Conference call info on customers
TI is 48.4% of sales in the latest Q, and Sharp is 30%. All the other customers add to 20% of sales. The pricing on these products fell 15-20% in the 1st quarter and will fall another 15-20% in the 2nd quarter.In response to one question, they have been making Matsushita first generation smart cards in relatively small volumes; Matsushita(parent company of Panasonic, if you don't know them) is currently working on the second generation product, and they hope to produce this product in the future. Koo also said that they do expect new customers by the fourth quarter.

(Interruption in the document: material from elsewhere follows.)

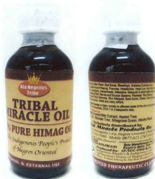
Figure 3. Unregistered ATA NEGROS TRIBE Tribal Miracle Oil 100% Pure Himag Oil

my comments: Looks like sales to Casio, Sanyo, etc have fallen off significantly so now two customers dominate sales. Also Koo implied the full 98 year will show 20% growth (over 97). This is an incredible statement, given that he said pricing will drop another 15 to 20% in the 2nd quarter and the 3rd Q also looks weak. He said the 4th quarter will be stronger due to new customers and other product lines.
Just how big will the 4th Q have to be to get 20% growth for the year?
In 97 Nam Tai did $133M in sales. In the 98 1st Q, sales were $26.3M. Next quarter they'll do lucky to get $28M, given a 20% drop in pricing, this assumes a 25% increase in unit volumes over the the just completed quarter. In the 3rd quarter, expect maybe $30M. This means to get a 20% year over year growth and hit $160M, the company will have to do $76M in the 4th quarter versus $30M in 97 4th Q (no way!!). Koo is bullshitting us again. This company will be lucky to show any growth in revenues or operating earnings this year over last year.
The company isn't growing, its shrinking as the pricing on the products they make deteriorates. Also they are becoming more and more dependent on two customers. I think they know this, and this is why they are looking for acquisitions.
Finally, I don't like the sale of Deswell stock. That well managed company looks like it will easily grow 30-40% this year, and earn almost $2.80 a share or better. The shares are about to pay 30 cents a share dividend with the record date in about a week. This was a great place to park some of our cash instead of buying Koo's personal shares back for 20% more than we sold them to him 3 months ago (using $14 for the stock value and $3 for the warrant value). If the company reported this way, the loss on the share repurchase from Koo is over $1.6M, or about 15 cents per share.
All said and done, there still is no reason for this stock to trade so close to book, except for Koo's thoughtless short-sighted self enrichment schemes. When times are tough, Koo screws the shareholders.